Court Opinion

ID: 9772673
Source: CourtListenerOpinion
Date Created: 2023-08-29 17:26:01.820824+00
Date Added: 2024-06-11T07:31:46.928888
License: Public Domain

On Motion for Rehearing
Both parties to this controversy have filed motions for rehearing, charging that our holding that this case should be returned for further development was in error.
On the basis of the authorities cited and our previous reasoning, we are still of the opinion that this case should be returned to the trial court for further development and elicitation.

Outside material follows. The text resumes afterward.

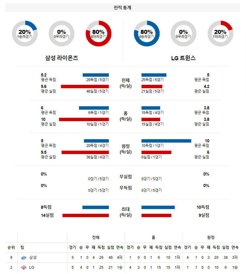 뷰캐넌이 5이닝 10실점을 허용하며 무너진 삼성. 최근 4경기 43실점을 허용할 정도로 투수진이 무너지고 있는 상태다. 백정현,라이블리의 부상으로 이번 주 로테이션 가동에도 어려움이 있는 가운데 LG 타자들의 타격감이 워낙 좋고 삼성의 천적 타일러 윌슨이 등판하는 만큼 LG가 전날 승리의 기세를 이어갈 수 있을 것으로 예상한다.

The appellant urges that the trial court had no jurisdiction because the matter had been disposed of within the framework of the City administration, and no appeal therefrom had been perfected. The City responds by admitting that it has made a collateral attack on the cease and desist order and the action thereon by the City authorities, and defends such attack on the ground that the action of the various City boards in effect created a completely new use, rather than a variance or regulation use already in effect. The City urges that the action of the Board of Adjustment usurped the legislative power of the City itself, and in effect created or granted a completely new use, rather than passing upon a regulation. The appellant, of course, continues to maintain that the District Court had no right to render summary judgment because it had no jurisdiction by virtue of the matter having become final because the City did not appeal from the ruling of its own Board.
So again, we say that this entire controversy and the arguments of both parties de*126pend entirely on the nature of the business that Bartlett, ■ the appellant, was conducting. Only when this matter is sufficiently developed can the courts make an intelligent disposition or determination of the lawsuit, because the nature of his activity or business determines whether or not he comes under the zoning provision involved herein, and also is determinative of whether it is a matter that can be decided by a Board of Adjustment, or one— as the City urges — that is concerned with the creation or granting of a new use entirely.
For these reasons the motions of both parties for rehearing are accordingly overruled.